Material for this exercise:

_ _ _ _ _

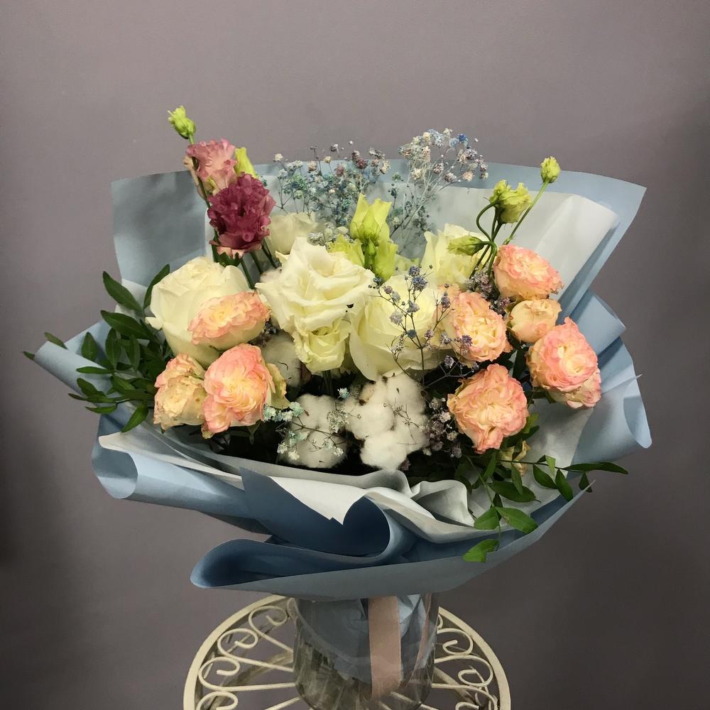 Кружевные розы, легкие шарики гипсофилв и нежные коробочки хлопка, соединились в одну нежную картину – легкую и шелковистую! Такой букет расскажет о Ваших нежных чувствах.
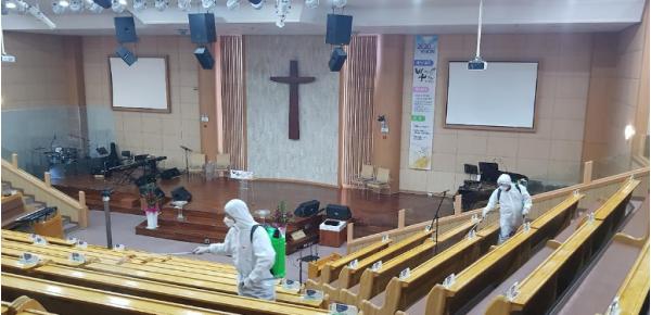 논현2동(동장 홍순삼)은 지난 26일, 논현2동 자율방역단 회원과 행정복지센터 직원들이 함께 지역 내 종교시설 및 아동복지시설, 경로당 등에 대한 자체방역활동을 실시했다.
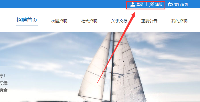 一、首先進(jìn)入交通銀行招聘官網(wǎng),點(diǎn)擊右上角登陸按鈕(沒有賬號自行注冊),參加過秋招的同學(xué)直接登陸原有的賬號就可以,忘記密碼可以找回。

_ _ _ _ _

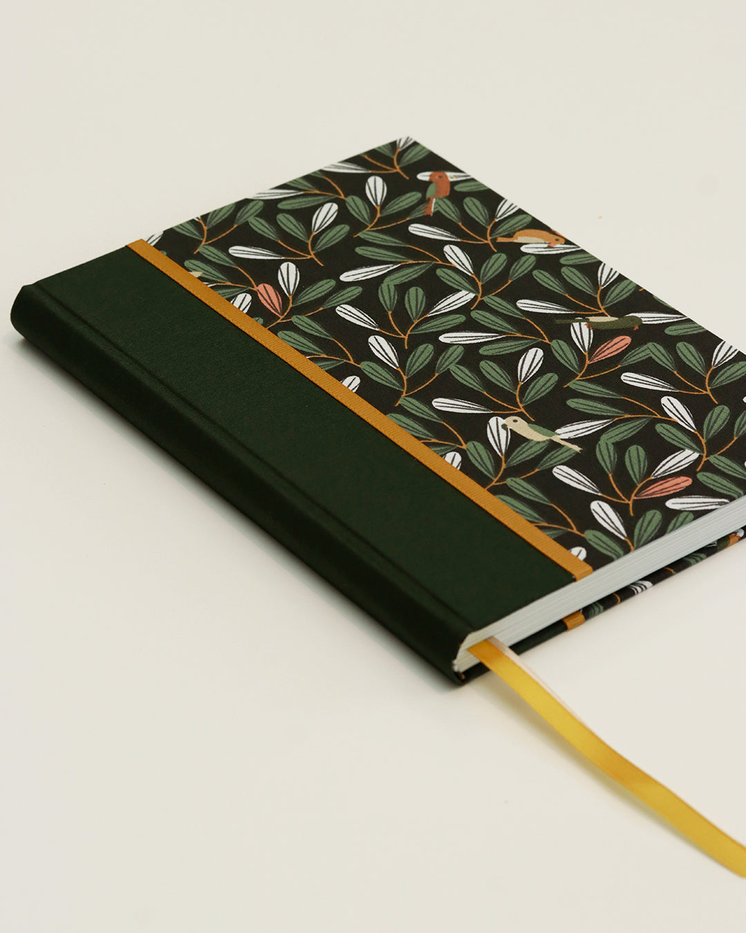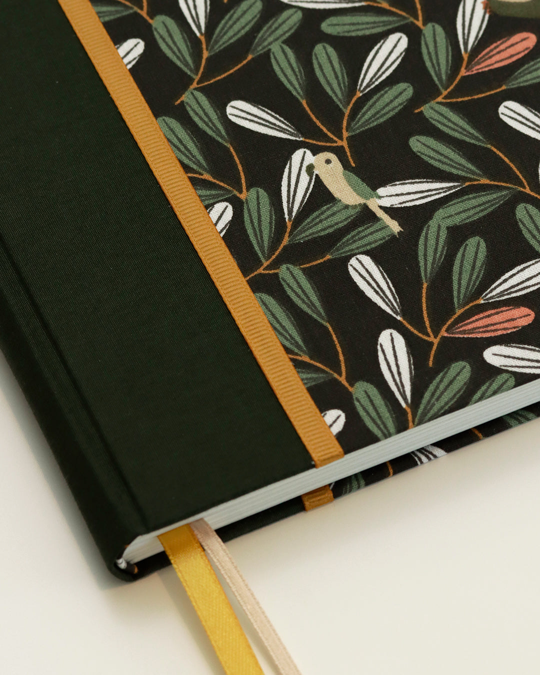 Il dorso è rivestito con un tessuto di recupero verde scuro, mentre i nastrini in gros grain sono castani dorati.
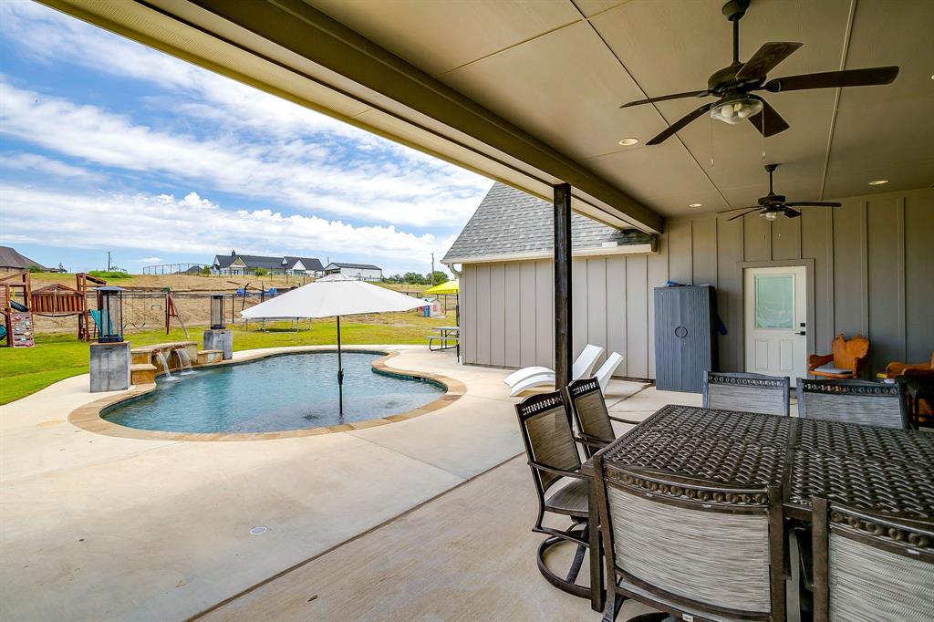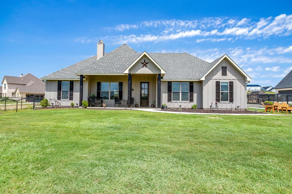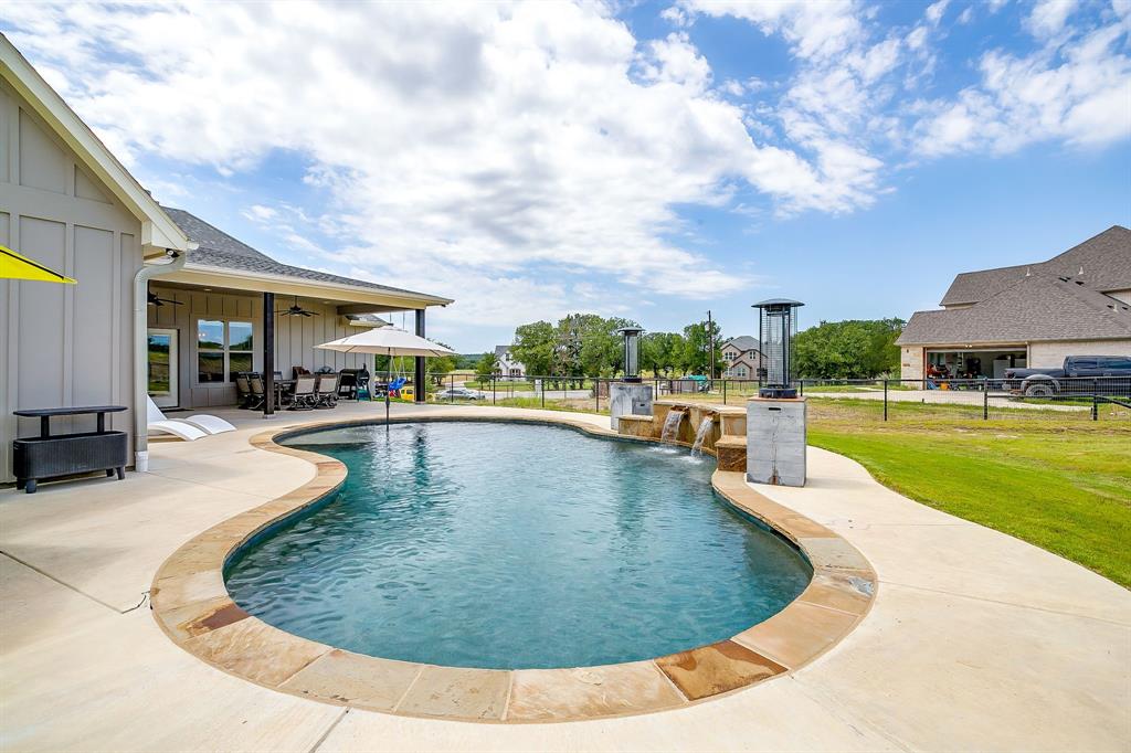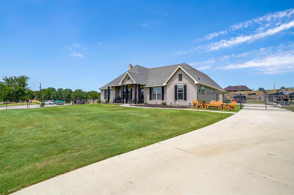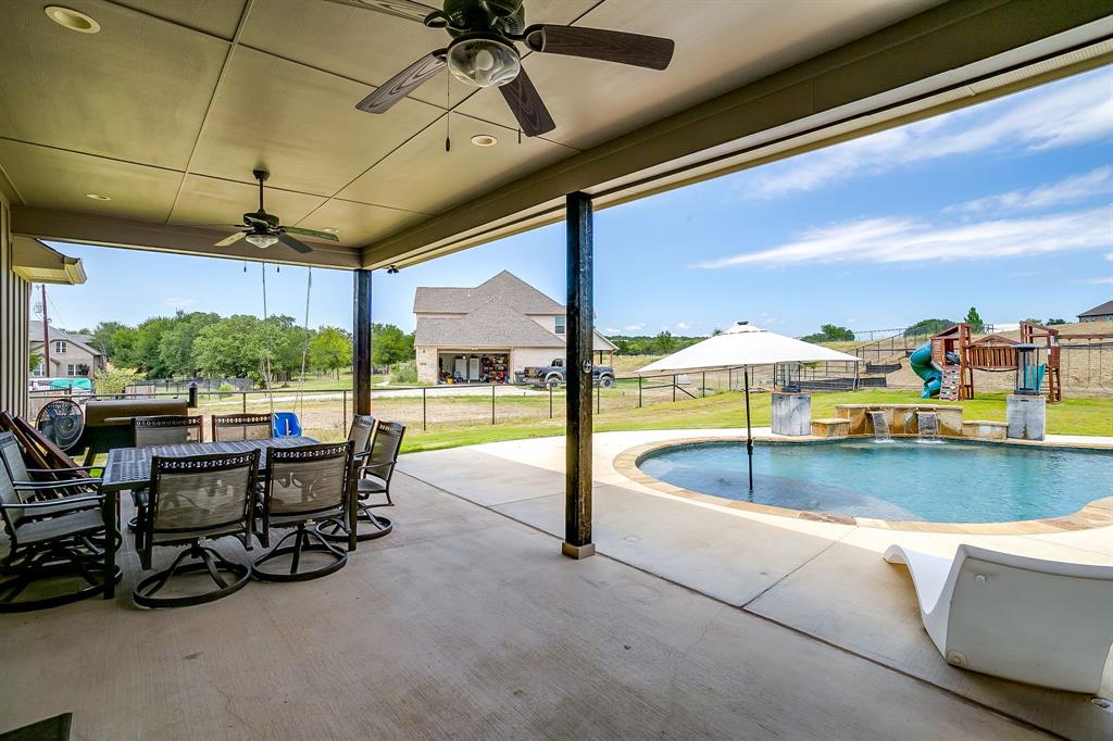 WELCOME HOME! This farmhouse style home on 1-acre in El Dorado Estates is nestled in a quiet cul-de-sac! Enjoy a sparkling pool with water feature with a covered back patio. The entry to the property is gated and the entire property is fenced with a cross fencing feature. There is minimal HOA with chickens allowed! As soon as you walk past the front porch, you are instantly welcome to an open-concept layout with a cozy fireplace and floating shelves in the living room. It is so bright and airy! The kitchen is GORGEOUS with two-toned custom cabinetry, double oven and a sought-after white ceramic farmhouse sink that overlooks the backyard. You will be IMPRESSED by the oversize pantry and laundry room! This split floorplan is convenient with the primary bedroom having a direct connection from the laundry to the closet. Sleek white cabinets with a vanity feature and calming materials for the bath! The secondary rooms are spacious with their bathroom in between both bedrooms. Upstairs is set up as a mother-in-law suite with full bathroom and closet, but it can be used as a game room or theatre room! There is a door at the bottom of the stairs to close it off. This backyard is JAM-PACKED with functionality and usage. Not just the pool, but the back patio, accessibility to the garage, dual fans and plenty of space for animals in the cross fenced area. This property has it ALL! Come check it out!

_ _ _ _ _

What you will do:
From the listing above, restate verbatim the lines running from the one with "Кружевные розы, легкие" through the one with "一、首先進(jìn)入交通銀", inclusive, but not the pictures.

Expected answer:
 Кружевные розы, легкие шарики гипсофилв и нежные коробочки хлопка, соединились в одну нежную картину – легкую и шелковистую! Такой букет расскажет о Ваших нежных чувствах.
 논현2동(동장 홍순삼)은 지난 26일, 논현2동 자율방역단 회원과 행정복지센터 직원들이 함께 지역 내 종교시설 및 아동복지시설, 경로당 등에 대한 자체방역활동을 실시했다.
 一、首先進(jìn)入交通銀行招聘官網(wǎng),點(diǎn)擊右上角登陸按鈕(沒有賬號自行注冊),參加過秋招的同學(xué)直接登陸原有的賬號就可以,忘記密碼可以找回。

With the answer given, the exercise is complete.